== Work request ==
Your reply should reproduce the data below without a single alteration, apart from dropping the images.

== Stored data ==
:::

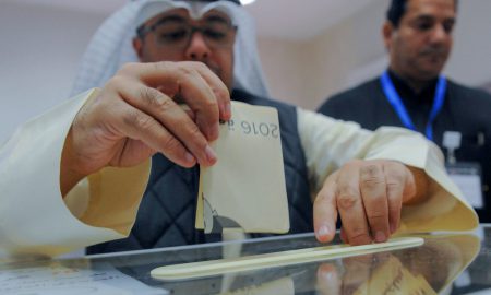 A Kuwaiti man casts his ballot to choose parliamentary representatives, in Kuwait City, Saturday, Nov.26, 2016. Kuwaitis voted Saturday for representatives in...
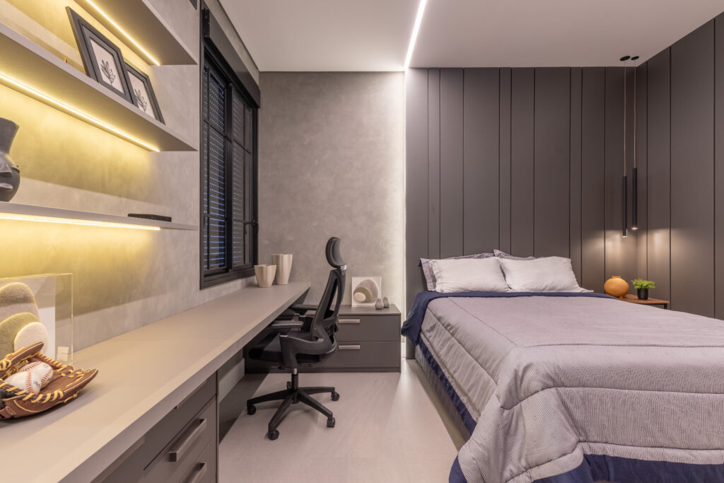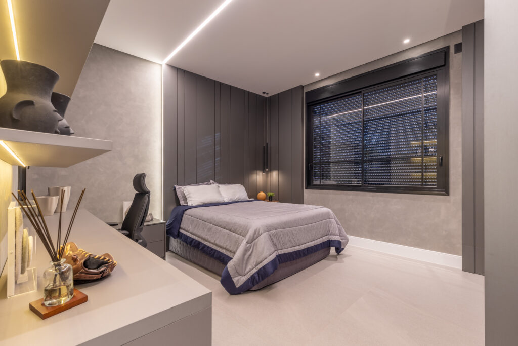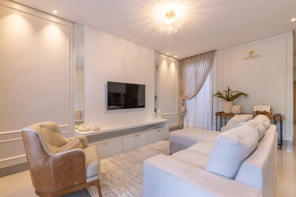 Cada ambiente traduz o equilíbrio entre sofisticação e acolhimento, revelando um projeto que valoriza a luz natural, a integração dos espaços e o diálogo entre cores, texturas e materiais.
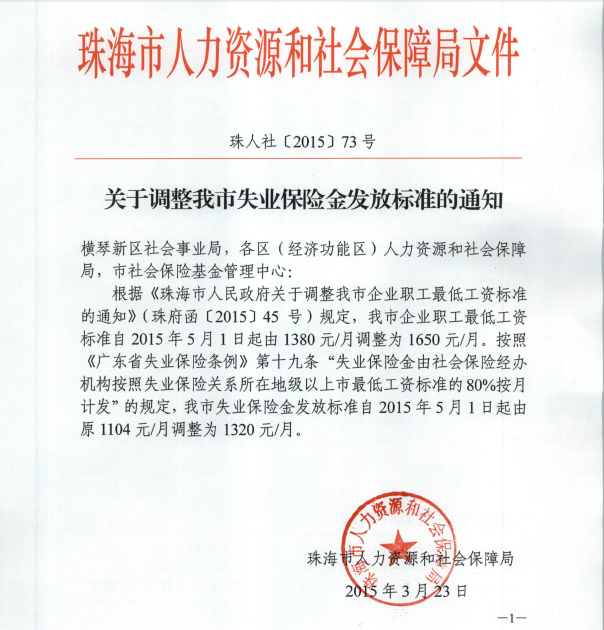 關(guān)于調(diào)整珠海市失業(yè)保險金發(fā)放標(biāo)準(zhǔn)的通知
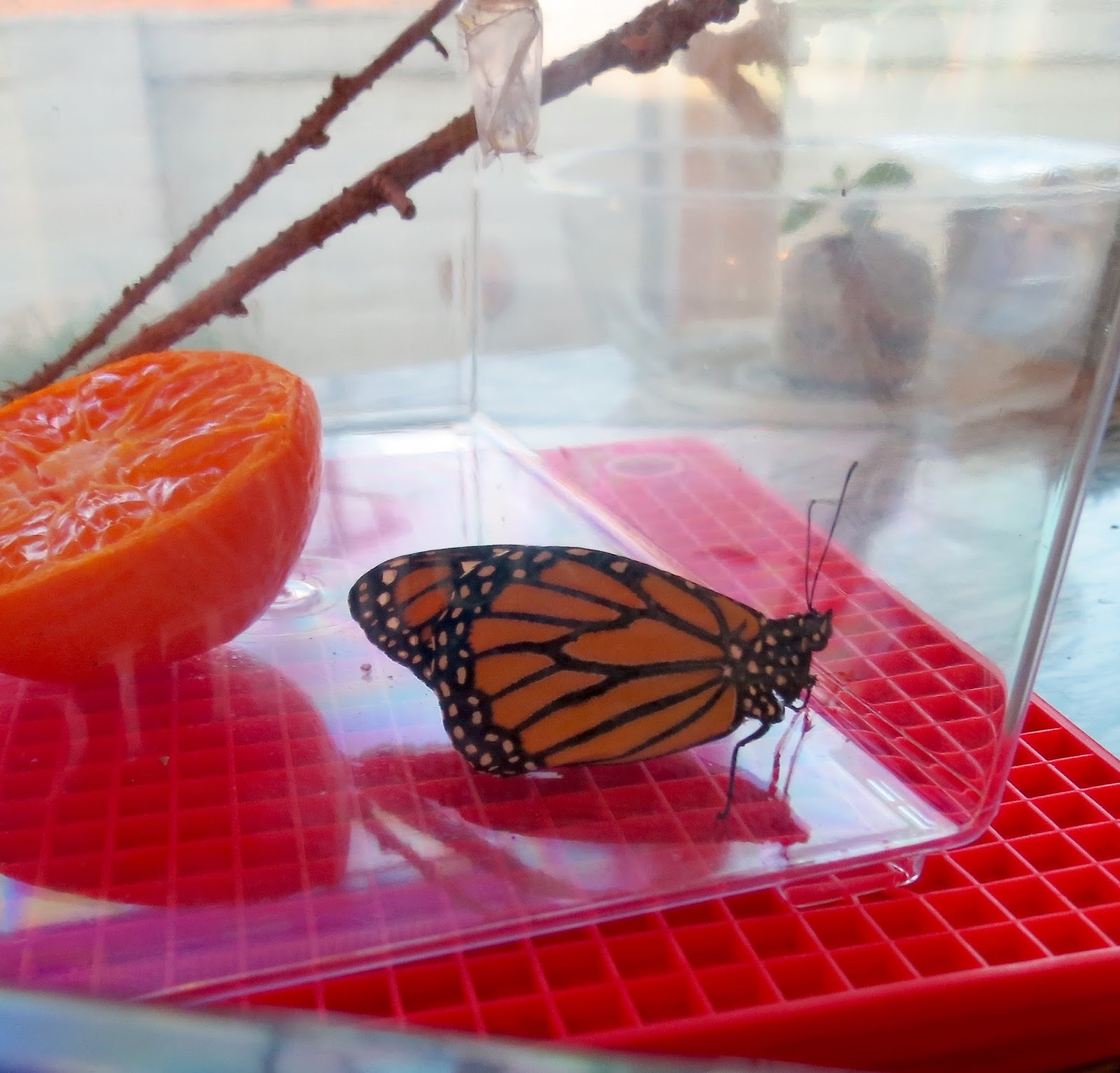 First shot of butterfly. Note the empty chrysalis hanging from a stick at upper left.

:::

== Exercise output ==
 A Kuwaiti man casts his ballot to choose parliamentary representatives, in Kuwait City, Saturday, Nov.26, 2016. Kuwaitis voted Saturday for representatives in...
 Cada ambiente traduz o equilíbrio entre sofisticação e acolhimento, revelando um projeto que valoriza a luz natural, a integração dos espaços e o diálogo entre cores, texturas e materiais.
 關(guān)于調(diào)整珠海市失業(yè)保險金發(fā)放標(biāo)準(zhǔn)的通知
 First shot of butterfly. Note the empty chrysalis hanging from a stick at upper left.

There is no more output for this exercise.